[Records from a data collection]
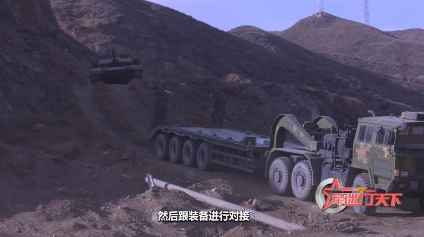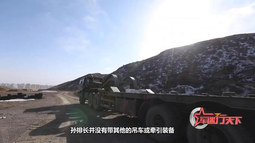 这辆“故障”坦克,被困在一个约十米高的土坡平台上。车长近19米的重装运输车没有办法完全开上去,只能通过在狭窄的斜坡上倒车,对坦克进行施救。
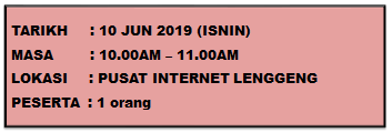 Tujuan Mendaftar masuk permohonan bagi pinjaman pelajaran di portal PTPTN. Aktiviti 1. Peserta membuka url https://www.ptptn.gov.my/ untuk membuat permohonan bagi pinjaman pendidikan. 2. Petugas menunjukkan cara bagi mengisi borang permohonan pinjaman dan diikuti oleh peserta. 3. Peserta mengisi data yang diperlukan sambil […]
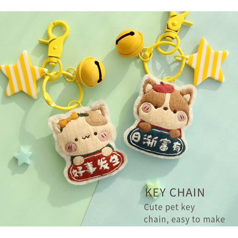 [ CÓ SẴN ] DIY / BỘ KIT TỰ THÊU MÓC KHOÁ COUPLE HOẠT HÌNH DỄ THƯƠNG
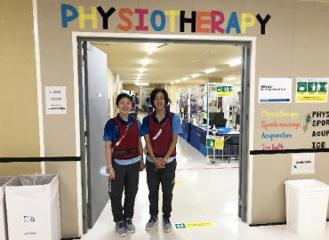 今大会には、日本全国各地から多くの理学療法士の先生方が参加されており、私の役目はポリクリニック理学療法室勤務の先生方がスムーズに診療を行えるよう、現場の流れをマネジメントすることでした。理学療法室を訪れるのは、日本語を母国語としない各国の選手やコーチ、スタッフであり、主に英語を用いてコミュニケーションをとりました。また国によっては、理学療法を実施する上で宗教などの文化的背景を考慮する必要がありました。こうした、日本で活動する上では遭遇しない局面をやりくりできたことは、私自身の視野を広げ、自信につながりました。
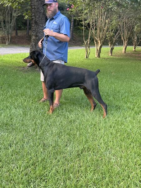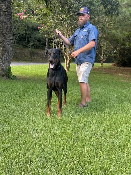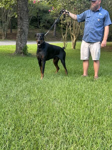 message stckhzb3153 about this ad AKC Male Doberman 2 yrs old Very loving and sweet boy. He has been raised with many dogs and kids. He has had his ear cropped but previous owner did not tend to them correctly and they now lay down. His tail has been docked as well. He needs a plenty of space and someone who will be able to give him the attention he deserves. He is crate trained. European imported parents. Only serious inquires only please. Located in Cherokee County, Al. Text or message: Wesley 256/557/2467 |
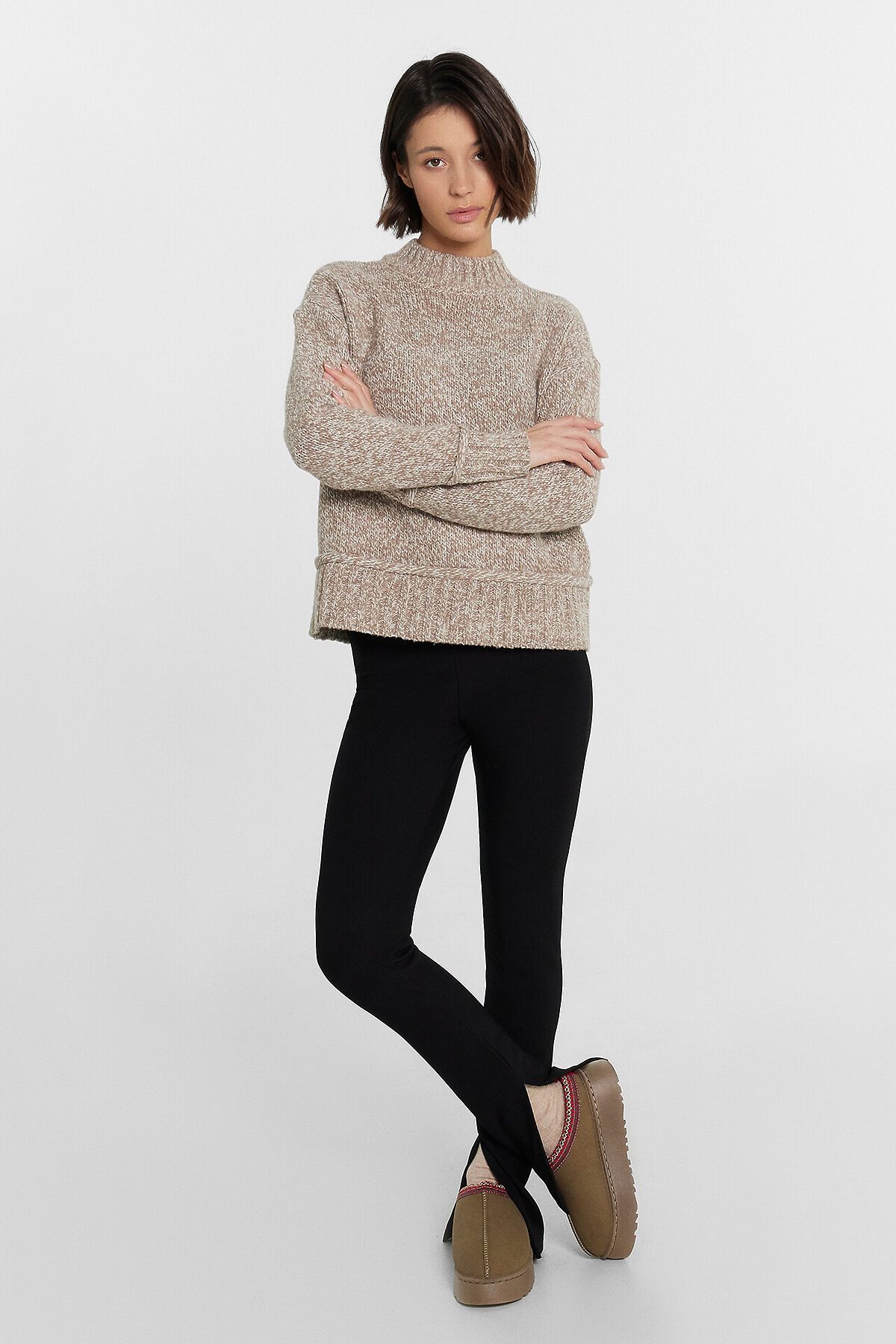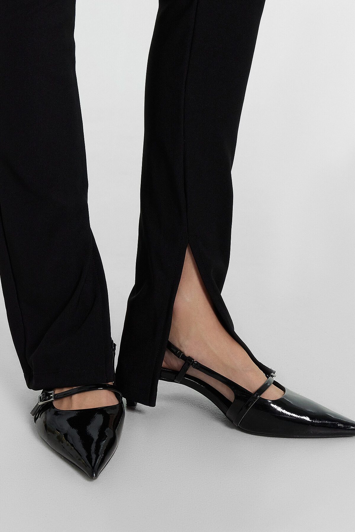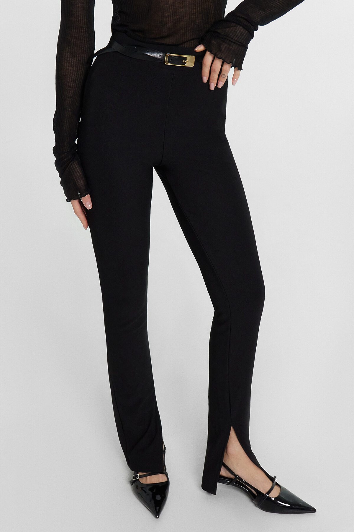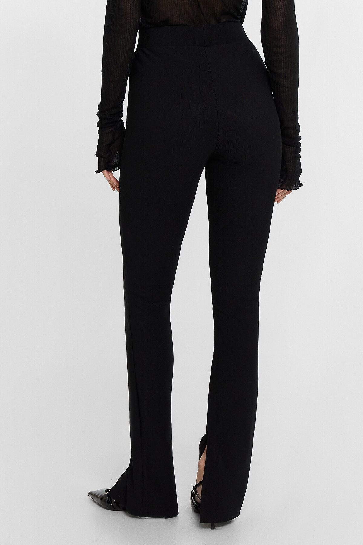 Брюки женские прилегающего силуэта из полотна трикотажного интерлок. Пояс отрезной с эластичной тесьмой внутри. В шагвом шве внизу обработан разрез. Брюки полной длины.

### WHAT THE TASK ASKS
Every line in the records is to be retyped exactly as it stands; the pictures stay out.

### TASK RESULT
 这辆“故障”坦克,被困在一个约十米高的土坡平台上。车长近19米的重装运输车没有办法完全开上去,只能通过在狭窄的斜坡上倒车,对坦克进行施救。
 Tujuan Mendaftar masuk permohonan bagi pinjaman pelajaran di portal PTPTN. Aktiviti 1. Peserta membuka url https://www.ptptn.gov.my/ untuk membuat permohonan bagi pinjaman pendidikan. 2. Petugas menunjukkan cara bagi mengisi borang permohonan pinjaman dan diikuti oleh peserta. 3. Peserta mengisi data yang diperlukan sambil […]
 [ CÓ SẴN ] DIY / BỘ KIT TỰ THÊU MÓC KHOÁ COUPLE HOẠT HÌNH DỄ THƯƠNG
 今大会には、日本全国各地から多くの理学療法士の先生方が参加されており、私の役目はポリクリニック理学療法室勤務の先生方がスムーズに診療を行えるよう、現場の流れをマネジメントすることでした。理学療法室を訪れるのは、日本語を母国語としない各国の選手やコーチ、スタッフであり、主に英語を用いてコミュニケーションをとりました。また国によっては、理学療法を実施する上で宗教などの文化的背景を考慮する必要がありました。こうした、日本で活動する上では遭遇しない局面をやりくりできたことは、私自身の視野を広げ、自信につながりました。
 message stckhzb3153 about this ad AKC Male Doberman 2 yrs old Very loving and sweet boy. He has been raised with many dogs and kids. He has had his ear cropped but previous owner did not tend to them correctly and they now lay down. His tail has been docked as well. He needs a plenty of space and someone who will be able to give him the attention he deserves. He is crate trained. European imported parents. Only serious inquires only please. Located in Cherokee County, Al. Text or message: Wesley 256/557/2467 |
 Брюки женские прилегающего силуэта из полотна трикотажного интерлок. Пояс отрезной с эластичной тесьмой внутри. В шагвом шве внизу обработан разрез. Брюки полной длины.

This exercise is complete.